The 19 undergraduates in her class spent four sessions studying the concept of chair duets, and creating and filming their own original pieces. They were inspired by the Chair Duets Challenge set forth by Frantic Assembly, an innovative drama troupe based in the United Kingdom. Coon had discovered Frantic Assembly’s chair duets online last spring, and incorporated them in her classroom that semester. When she saw that Frantic Assembly created a worldwide challenge for others to submit duet videos, Coon expanded the idea in her fall curriculum, adding exterior locations, video and post-production work to the project.
Students found the challenge challenging. “The chair duets were different for me from other acting challenges in the way that we had to let our motions speak for themselves,” said Nirvan Patnaik, who performed with Michael Kaczkowski on the curved seating near the Hahn Plaza fountain. “Instead of communicating with our faces, we were mostly using gestures and position shifts. For me, the struggle was keeping my face neutral.”
Patnaik said he became more aware of tension in his hands and the lack of fluidity in his movements, which caused him to work on relaxing himself and focusing on the steps in the sequence.

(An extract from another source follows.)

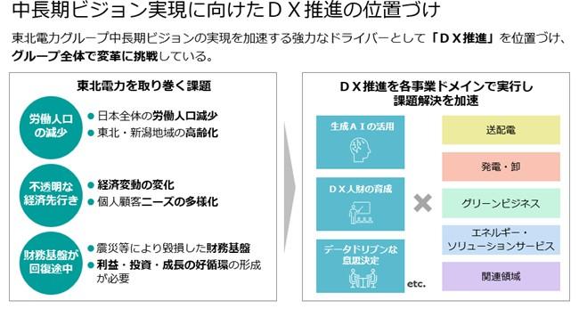 同社グループは2024年4月に、2030年に向けた今後の経営展開である「よりそうnext +PLUS」を発表した。このビジョンでは、2030年のありたい姿として、「東北発の新たな時代のスマート社会の実現に貢献し、社会の持続的発展とともに成長する企業グループ」を掲げ、CN・DXを成長の機会として既存事業の強化と新たな事業領域の拡大に挑戦する方針だ。特にDX推進を、「よりそうnext +PLUS」の実現を加速する強力な原動力と位置づけ、グループ全体で変革に挑戦している。

For their duet, Rahjul Young and Victoria Ross chose the outside steps at the Tutor Center leading from the courtyard to the second floor. Ross said the experience relied on action and reaction, like other acting exercises, but was useful for improving awareness. “You can’t move without being in conjunction with your partner. Every little thing he or she does has an effect on you,” said Ross. “And that really helps in scene work. We rehearse a scene over and over until we get a desired result, but sometimes that can cause an actor to stop listening and just fall into autopilot. That’s not really possible in a chair duet without the piece looking off.”
Ross said that creating the choreography was the hardest and most time consuming part. “We had set of movements choreographed, but every day we tweaked it until it became something almost unrecognizable from the beginning.
“We tried to choose a location on campus that reflected not only the push and pull that Rahjul and I had developed in the chair duet, but also the increasing tensions between us.”
Coon, who has been at USC for five years, teaching classes in movement, physical theatre and mask work, as well as working as a movement coach for productions, said she plans to continue using chair duets in her classes.
“The goal is not to execute a set piece,” she said. “It’s about cause and effect and creating relationships without saying a word.